Aaliyah Remembering


Timed, coincidentally or not, to the start of the R. Kelly trial, the New York music magazine The Fader has published its annual "icon issue," with this year's cover story paying homage to Brooklyn-born, Detroit-raised Aaliyah Dana Haughton.

Aaliyah, you will recall, took the music world by storm in the spring of 1994 with her debut album, "Age Ain't Nothing but a Number," produced and written by Kelly. The Sun-Times has reported that on Aug. 31, 1994, the two were married at the Sheraton Gateway Suites in Rosemont by the Rev. Nathan J. Edmond of Chicago, when Kelly was 27 and Aaliyah was 15, though a falsified marriage license put her age at 18.

Aaliyah's outraged family quickly separated the couple, and the marriage was annulled in Detroit within weeks.
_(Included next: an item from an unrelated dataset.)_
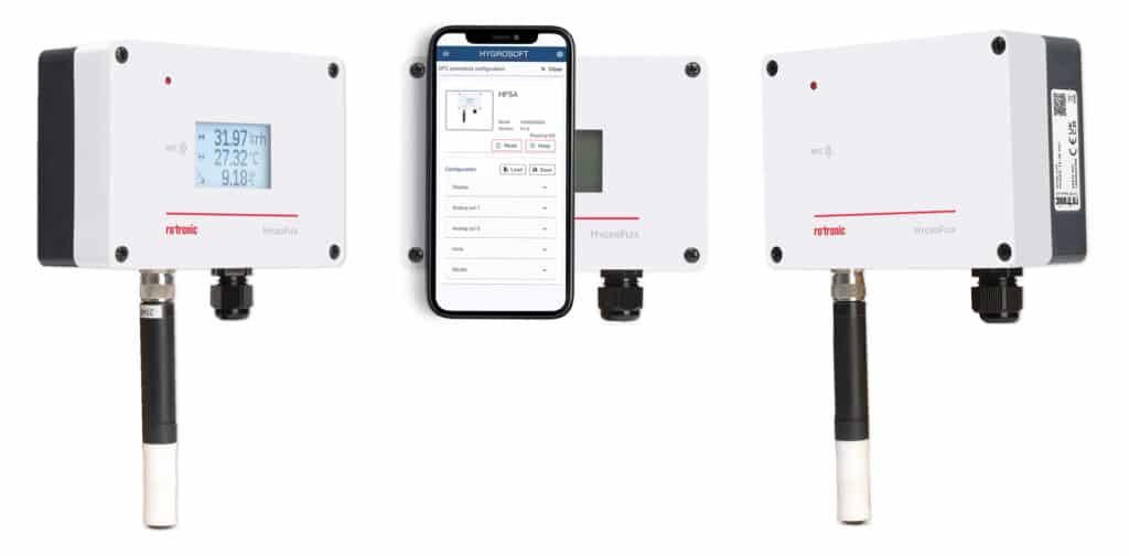 Der neue «HygroFlex Advanced HF5A» von Rotronic kombiniert Feuchte-, Temperatur- und Taupunktmessung mit Smartphone-Kompatibilität. Der Messumformer ist dank der integrierten NFC-Technologie besonders einfach konfigurierbar.

Until her death in August 2001, Aaliyah only rarely spoke of the wedding in public, and never confirmed a relationship with Kelly.

The Fader story traces the impact Aaliyah made on the music world during her short but influential career, and it includes comments from artists such as Mark Ronson, Ciara, Method Man, Beth Dittof the Gossp and Chicago rapper Kid Sister. "It only took Aaliyah a few albums to make an indelible mark on the world of pop music, but today her influence can be felt across numerous genres," said Fader editor Chris Richards. "This issue not only tracks that influence, but also offers a more personal glimpse into the life of a true pop visionary."

Here are some of the tributes to Aaliyah from the magazine:

Missy Elliott: "We was gonna save the world. We was gonna change music every chance we got. We was gonna always be family. Forever."

Mark Ronson: "If it wasn't for Aaliyah being the face and voice of [Missy Elliott and Timbaland's] sound they might have never got to where they did. They were presenting their sort of brilliant but challenging breakthrough music through this beautiful young girl who could sing it perfectly."

Kidada Jones: "I think about her all the time...Anytime she's brought up or her music comes on the radio, it's sweet, but it definitely sounds like she found a niche before it was here. If you listen to her music it's so relevant today, but we had it so long ago."

Damon Dash: "She was already a fashion icon, she was getting into movies, she had already planted that seed. If she was alive today she would be so relevant. I see little bits of her everywhere I look, in a lot of artists."

Jomo Hankerson (son of former Kelly manager Barry Hankerson): "I think a lot of that mysteriousness they talk about was just what she was. She seemed like she came here already grown up, from the beginning."